When I was in grad school I joined some undergrads and went to a Duke Ellington festival in L.A. The late Chuck Niles, who was the master DJ at the major jazz radio station, was the MC. Kicking the thing off, he quoted some jazz muscian to the effect that the Duke was "our commander in chief." A lot of jazz fans still have the same loyalty to Ellington that civic piety often inspires toward a king or President. For that reason, it is dangerous to suggest that the Duke might not have been all that he appeared to be.
I have been thinking about the Independent Lens show on Billy Strayhorn. When Ken Burns did his series on jazz, Duke Ellington is presented as a great jazz hero, while Billy Strayhorn is mentioned only in passing, as a "collaborator." But the truth is that Ellington got his name on a lot of music that he did not write.

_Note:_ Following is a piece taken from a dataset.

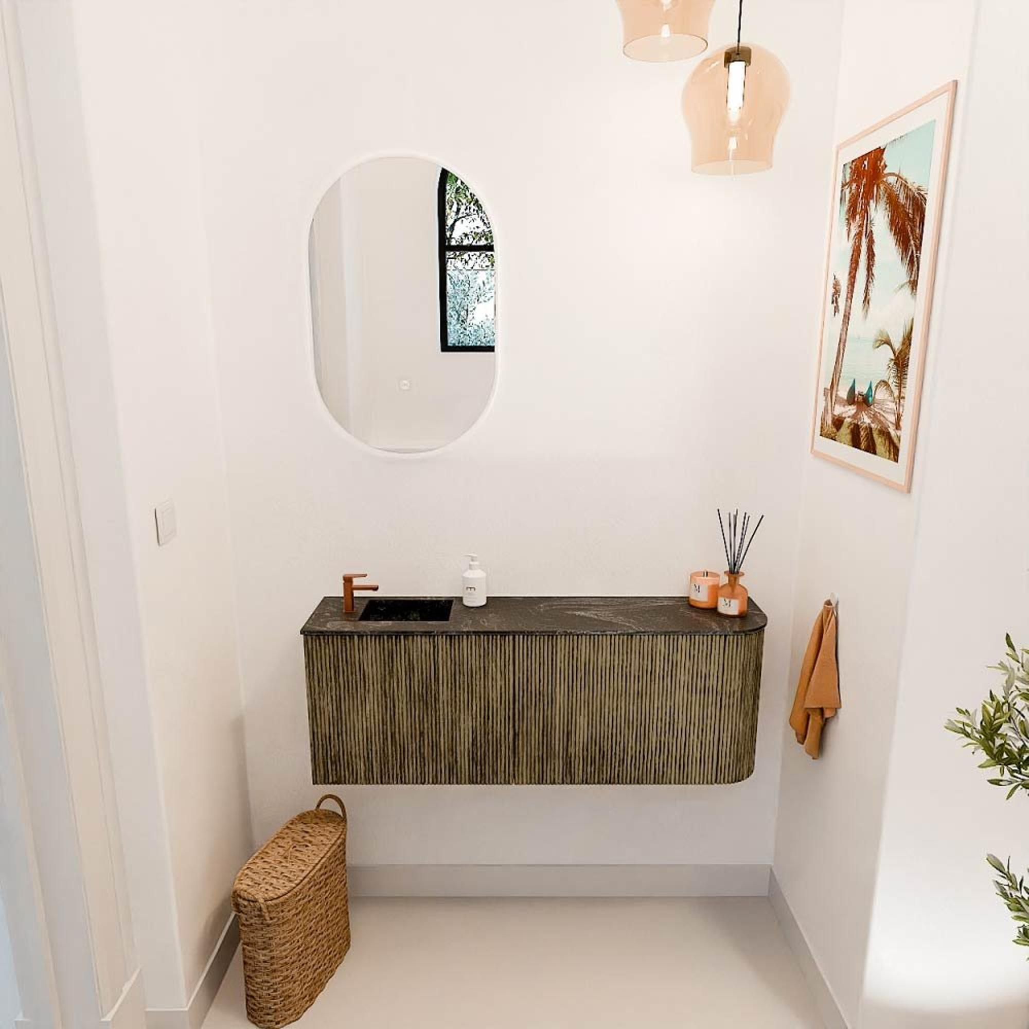 Mondiaz JOYA-DLUX Meuble de salle de bains 111.6cm - arrondi droit couleur Dusk - Vasque FAYE position Gauche 1 trou de robinet couleur Lava
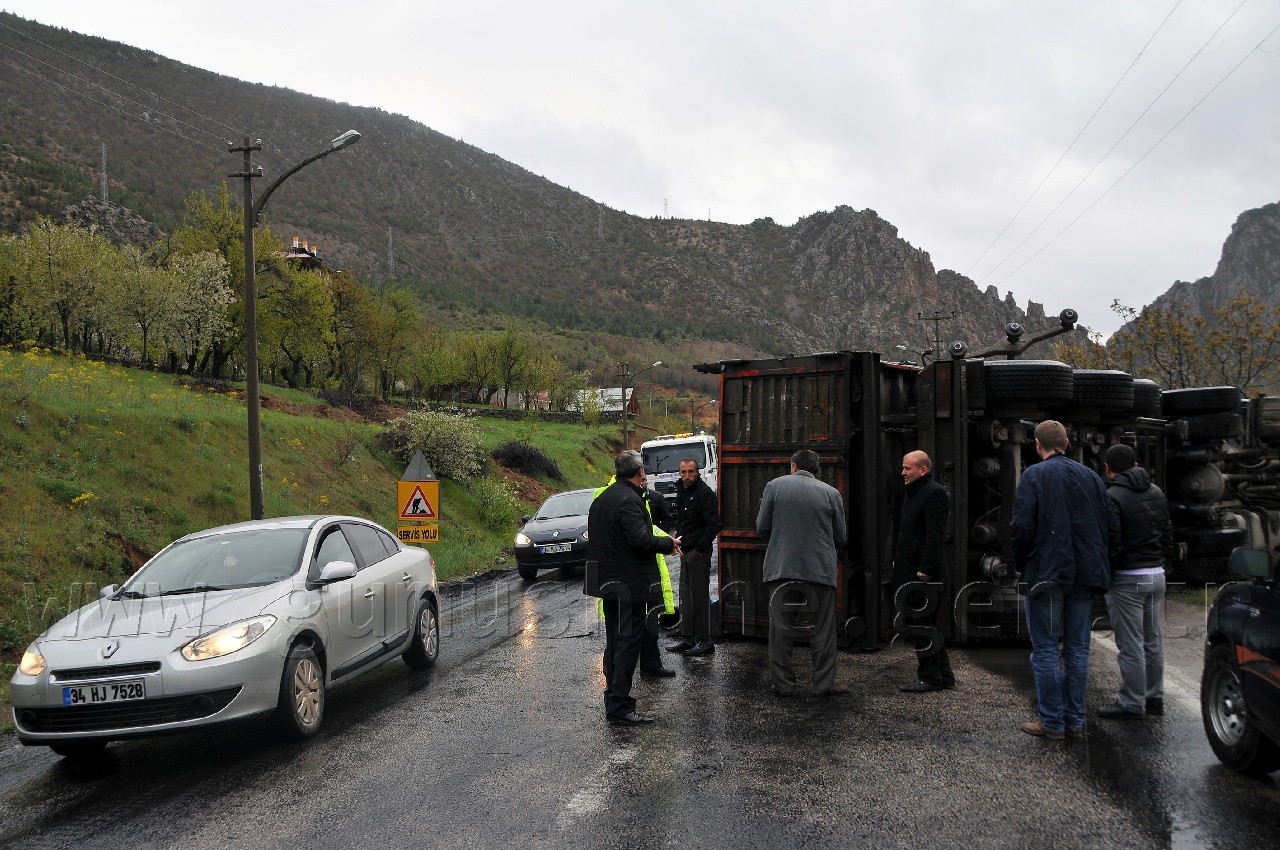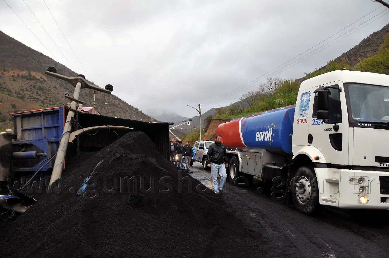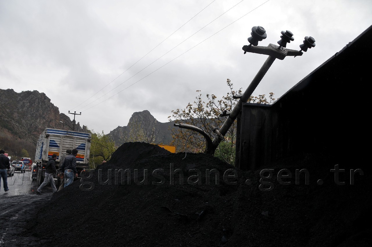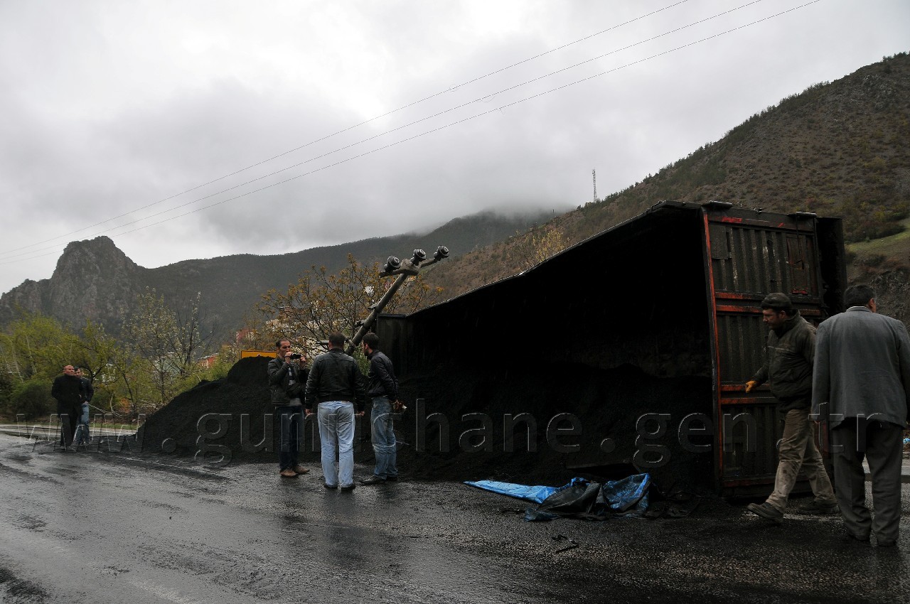 Trabzon-Gümüşhane karayolunun Torul ilçesi mevkiinde meydana gelen trafik kazasında kömür yüklü tır devrildi. arayolu kaza nedeniyle bir süre ulaşıma  kapandı.

He was a very busy man, but one of his favorite strategies was to wait until the last minute to finish music for some project, and then to call Strayhorn in to finish it for him. It wasn't as if Duke himself didn't have any ideas, he was just too busy touring. But Ellington knew that Strayhorn would always come through.
Billy Strayhorn was, or could have been, the American Mozart. Without Duke Ellington, Strayhorn might never have done anything. But there is no doubt that Ellington kept him caged, as a secret weapon. A lot of commentators think that Strayhorn's homosexuality kept him back, but I doubt that many people outside of their inner circle knew about it. Duke was a master of the public world of music. Strayhorn was musical genius in itself.